病院のロータリー脇で、深澤と目黒は静かにその時を待っていた。深澤は時折スマホをいじりながらも、隣で石像のように固まっている目黒の様子を気にかけている。目黒は、ただ一点、病院の自動ドアだけを凝視していた。その瞳には、後悔と不安と、そしてほんの少しの覚悟が入り混じっている。
同じ頃、病室で最後の身支度を終えた康二は、看護師から退院後の薬についての説明を受けていた。
「このお薬は毎食後で、こっちは眠れない時に飲んでくださいね」
「はい、ありがとうございます。ほんまに、お世話になりました」
丁寧に頭を下げる康二の元に、ポケットのスマホが軽快な通知音を立てた。画面に表示されたのは、『深澤辰哉』の名前。
『外で待ってるー!出てこいよー!』
その陽気なメッセージに、康二の口元がわずかに緩んだ。
(ふっかさんや!)
沈んでいた心に、一筋の光が差したような気がした。すぐに『今行く!』と返信を打ち、頭の中から目黒の存在を無理やり追い出す。今は、迎えに来てくれた優しい兄に会うことだけを考えよう。康二は努めて明るい表情を作り、最後の荷物を持って病室を後にした。
会計を済ませ、自動ドアを抜ける。久しぶりに吸う外の空気は、少しだけひんやりとしていた。

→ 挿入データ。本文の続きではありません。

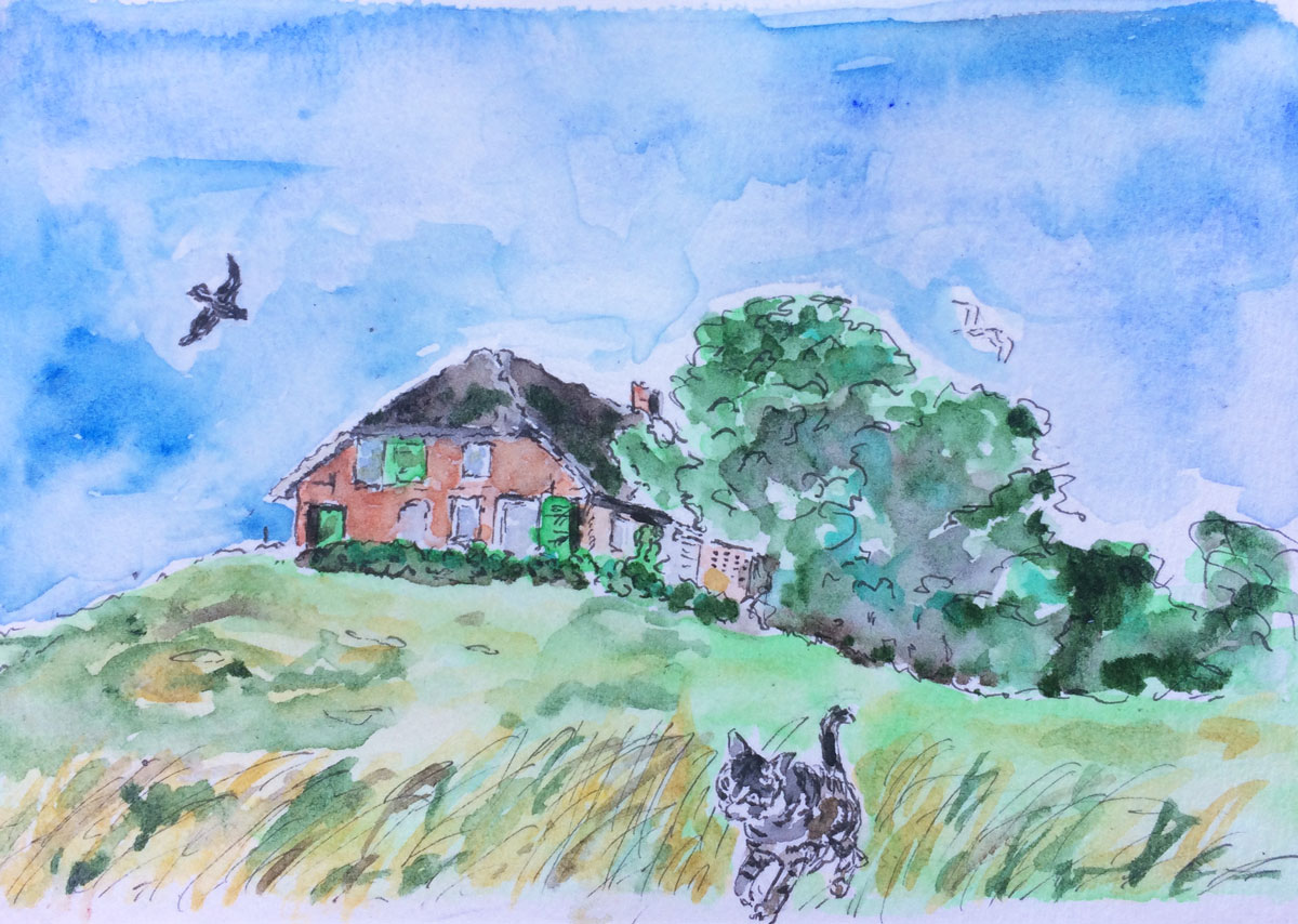 Diese kleine Zeichnung schenkten wir unser liebenswerten Vermieterin, in deren Haus wir uns für die Urlaubstage einmieten konnten. Mit aufs Bild musste selbstredend die Hofkatze, die uns wohlgesonnen war.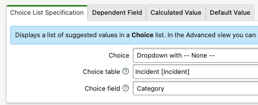 - Navigate to the Dictionary record for the other field(s) that will be driven by the Incident Categories.

深澤の姿を探して、きょろきょろと辺りを見回す。駐車場の方に、見慣れたシルエットを見つけた。
「ふっかさーん!」
手を振りながら駆け寄る。角を曲がれば、すぐに会える。そのはずだった。
しかし、角を曲がった康二の足は、その場でぴたりと止まった。
そこに立っていたのは、深澤だけではなかった。その隣に、今、世界で一番会いたくない人が、まるで罪人のように俯いて立っていたから。
「…め、め…?」
康二の声が、震えた。なぜ、ここにいるのか。その顔を見た瞬間、昨夜の悪夢が鮮明に蘇り、血の気が引いていくのがわかった。笑顔は凍りつき、手から荷物が滑り落ちそうになる。
目黒が、ゆっくりと顔を上げた。その顔は青白く、目の下には隈がくっきりと刻まれている。そして、康二の知っている優しい瞳は、ただひたすらに、痛いほどの後悔に濡れていた。